1 - TANGENTI A SESTO, IL GIALLO DELLA LETTERA
Paolo Colonnello per "la Stampa"

Potrebbe essere uno dei punti cardine dell'accusa per dimostrare l'esistenza di accordi sotterranei sulla vendita della Milano Serravalle alla Provincia di Penati, invece si sta rivelando un giallo. Si parla della famosa lettera che secondo l'imprenditore Piero Di Caterina sarebbe stata stilata nello studio di un commercialista milanese in via Broletto con le indicazioni, scritte a mano, dell'esistenza di un «sovrapprezzo» da pagare a Penati e al suo braccio destro dell'epoca, Giordano Vimercati.

Un foglio dattiloscritto sotto il quale vennero presi degli appunti e che il «grande accusatore» del «sistema Sesto» sostiene gli venne consegnato in un ristorante di Lugano da Antonio Princiotta, all'epoca segretario generale della Provincia, molto arrabbiato per essere stato tenuto fuori dalla partita.

Ma ieri Princiotta, indagato, attraverso il suo legale Luca Giuliante, ha depositato una memoria difensiva nella quale smentisce decisamente non solo di avere consegnato quella carta a Di Caterina ma che le indicazioni ivi contenute, che contemplavano ad esempio l'ingresso nel cda dell'autostrada di Bruno Binasco, amministratore delegato del gruppo Gavio - ovvero della società che si apprestava a vendere le azioni con una plusvalenza record di 179 milioni di euro - erano completamente errate.

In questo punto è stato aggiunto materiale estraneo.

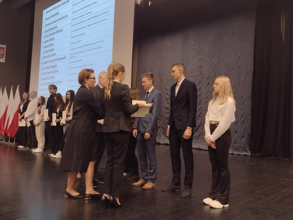 Z przyjemnością informujemy, że z naszej szkoły dyplomy wręczane przez Wicewojewodę Pomorskiego Mariusza Łuczyka i Pomorskiego Kuratora Oświaty Małgorzatę Bielang odebrali uczniowie Jagoda Pakur z klasy II LO c, Dominik Walaszkowski z klasy II TE i Konrad Cichosz z klasy IV TI g.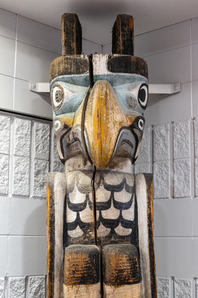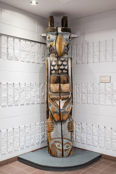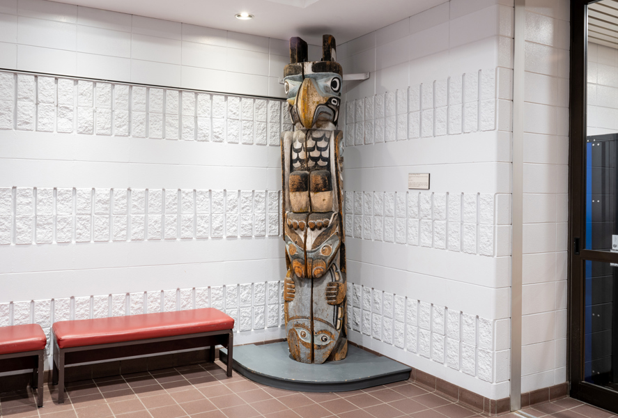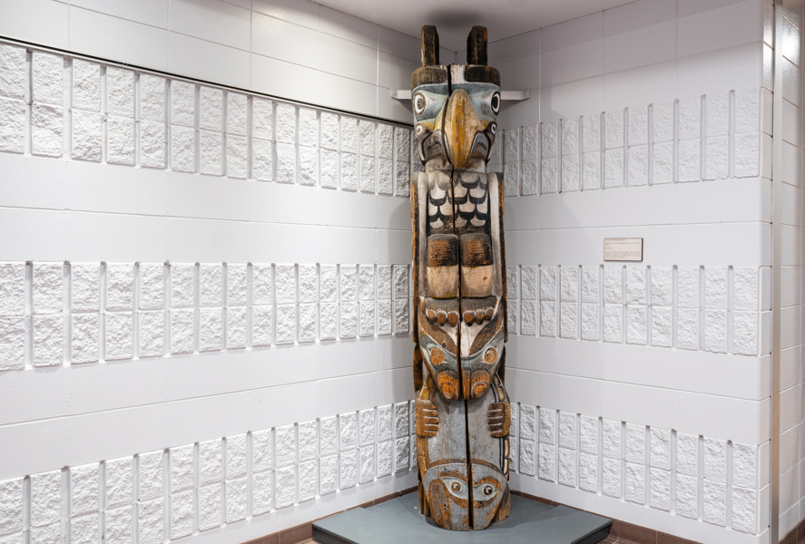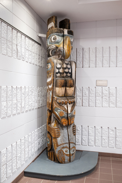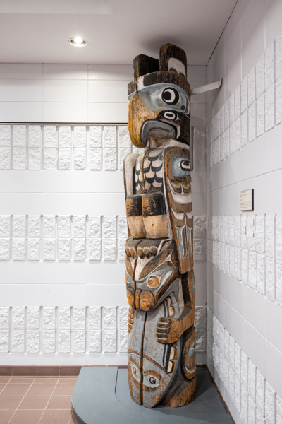 D'abord installé au parc de l'Esplanade, le totem a été relocalisé à l'intérieur du Centre communautaire Michel-Labadie pour des raisons de conservation.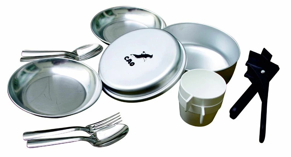 Popote aluminium 2 personnes comprenant : 1 faitout diam. 165 mm, 1 poêle diam. 170 mm, 2 assiettes alu diam. 160 mm, 2 cuillères, 2 fourchettes, 2 quarts plastique, 1 pince preneuse, 1 sangle.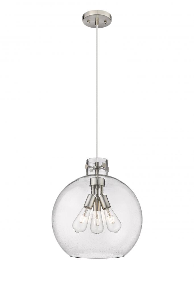 Newton Sphere - 3 Light - 16 inch - Satin Nickel - Seedy Shade - Cord hung - Pendant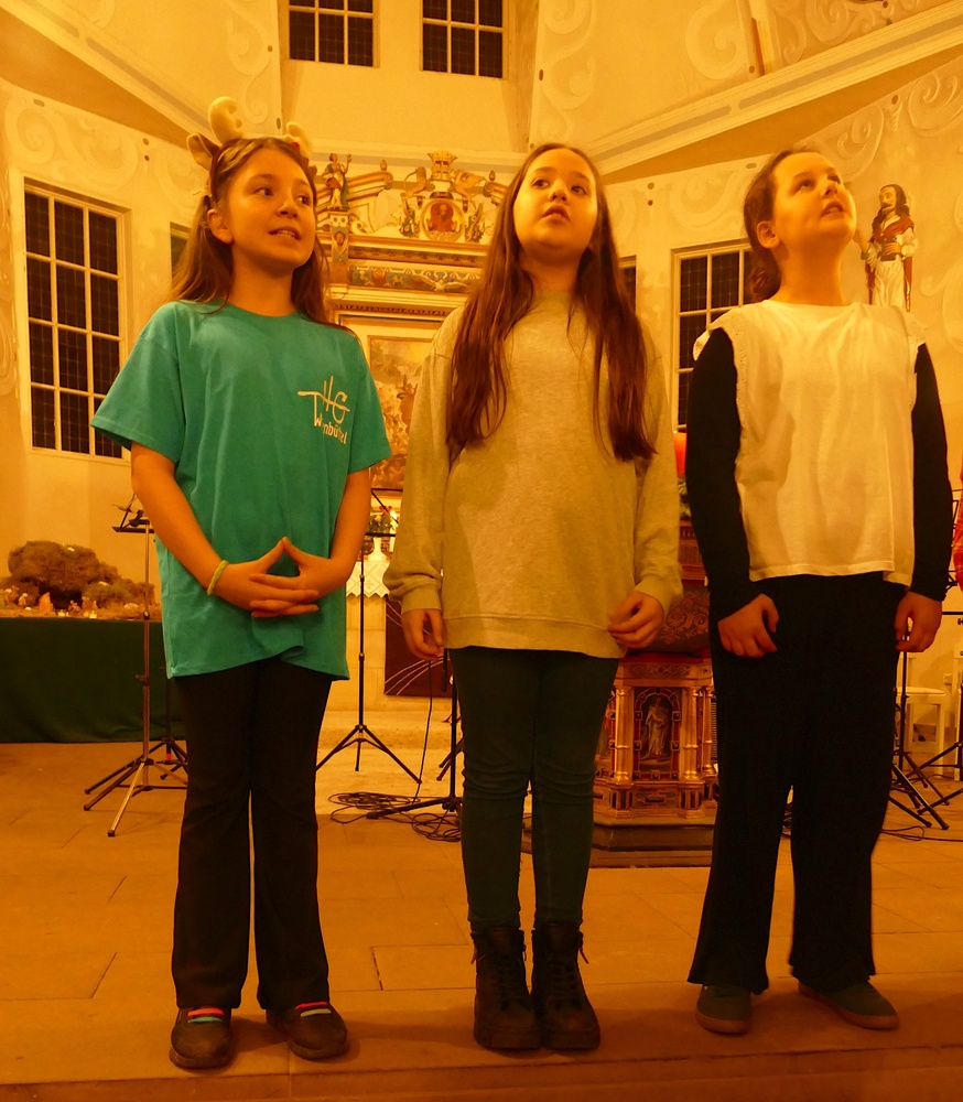 Mit Feliz Navidad wurde ein rhythmusorientierter Titel präsentiert, der zeigte, dass auch die „Kleinen“ schon ein musikalisch durchaus seriöses Ensemble darstellen. Zuvor hatte der von Kea Oelschlägel geleitete Schulchor sein diesjähriges Programm dargeboten. Mit zwei Titeln aus dem Krippenspiel wurde unter anderem auch bereits ein Einblick in den am Freitag stattfindenden Schulgottesdienst gegeben.
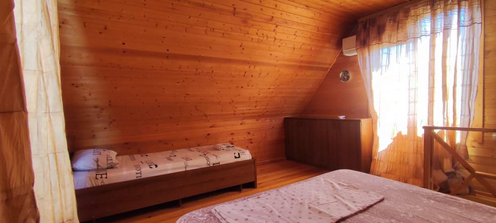 Домики отличные. Два этажа, отдыхали с детьми. На первом этаже кровать двуспальная, на втором три спальных места. Для семьи прекрасный вариант. Готовили на летней кухне, все необходимое есть для этого. В домике есть холодильник, на каждом этаже кондиционеры. Душ и туалет на 1 этаже. До моря шли минут 5.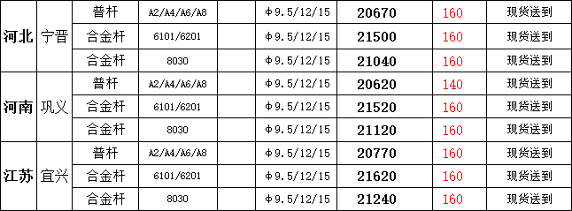 6月4日宁晋市场普铝杆现货报盘价20670元/吨,较上一交易日报价涨160元/吨;巩义市场普铝杆现货报盘价20620元/吨,较上一交易日报价涨140元/吨;宜兴市场普铝杆报盘价20770元/吨,较上一交易日报价涨160元/吨。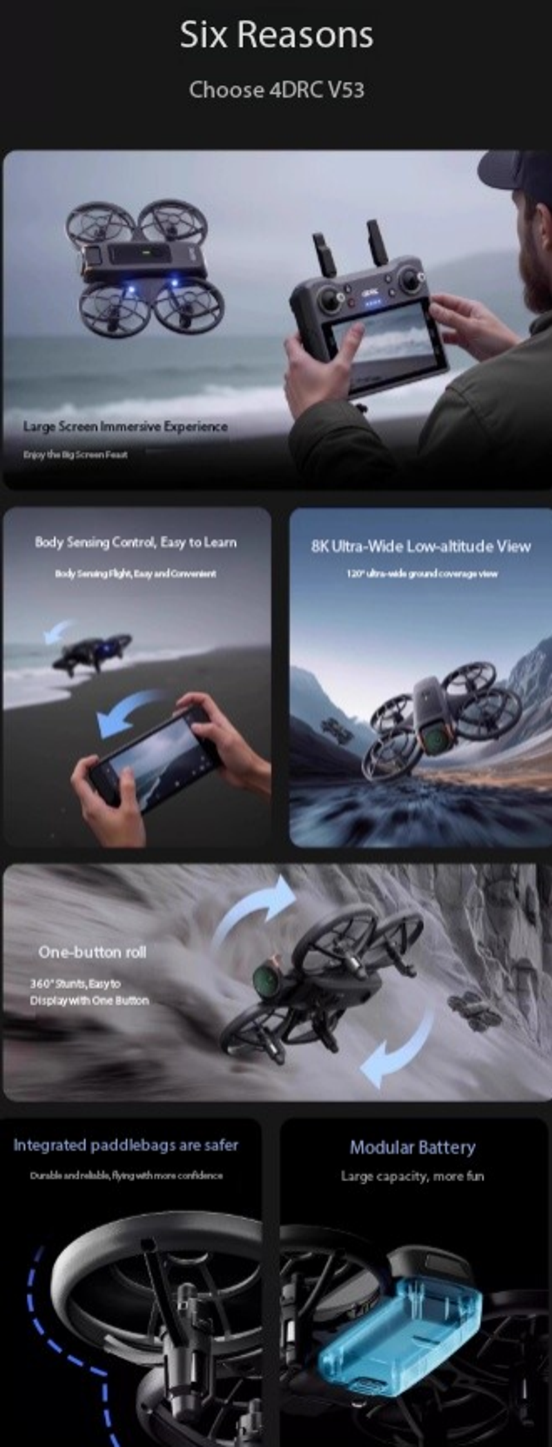 Dron 4DRC V53 con control remoto para evitar obstáculos y pantalla para fotografía aérea profesional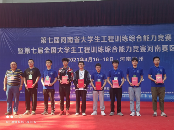 4月18日下午,第七届河南省大学生工程训练综合能力竞赛暨第七届全国大学生工程训练综合能力竞赛河南赛区选拔赛正式落下帷幕。共有全省52支队伍参加比赛,我校八支参赛队伍均获得奖项,其中一支队伍以高分斩获第一名并顺利晋级国赛,三支队伍获得二等奖,有四支队伍获得三等奖。

E' vero, ad esempio, che Binasco entrò nel cda, ma chiamato dall'attuale presidente della Provincia, Guido Podestà, nel 2009. Il funzionario sostiene inoltre di non essere lui l'autore delle postille aggiunte a mano in cui si parla di «sovrapprezzo» e sulle quali comunque la procura ha disposto un esame calligrafico. Perché alcuni degli appunti che si rilevano sul foglio, come ha spiegato lo stesso Di Caterina, vennero scritti dalla sua segretaria su sua dettatura il giorno dopo, ma altre indicazioni rimangono scritte da mano sconosciuta.

Sostiene inoltre Princiotta che la Provincia «ha manifestato il proprio interesse all'acquisto di azioni della Milano Serravalle da febbraio 2005, rivolgendosi solo a soci pubblici. Mentre la decisione di rivolgersi anche a soci privati è maturata nel giugno del 2005, dopo aver constatato che nessun socio pubblico aveva aderito all'invito».

Di più: «Fin dall'inizio della trattativa con i privati - scrive Princiotta - Penati mi riferì che il prezzo sul quale stava prendendo corpo l'accordo ricalcava quello offerto in precedenza dallo stesso Penati al sindaco di Milano Gabriele Albertini, per le azioni appartenenti al comune (270 milioni per una quota pari al 18 %)».

Una novità interessante che pone sempre di più l'ex sindaco Albertini come uno dei prossimi testimoni di questa vicenda, posto che lo stesso primo cittadino del Pdl ha ultimamente ripetuto più volte di aver saputo da un suo assessore dell'epoca che, secondo quanto gli aveva riferito Marcellino Gavio (il quale non può più confermare né smentire, essendo defunto) l'operazione Serravalle era stata decisa a tavolino da D'Alema e Fassino.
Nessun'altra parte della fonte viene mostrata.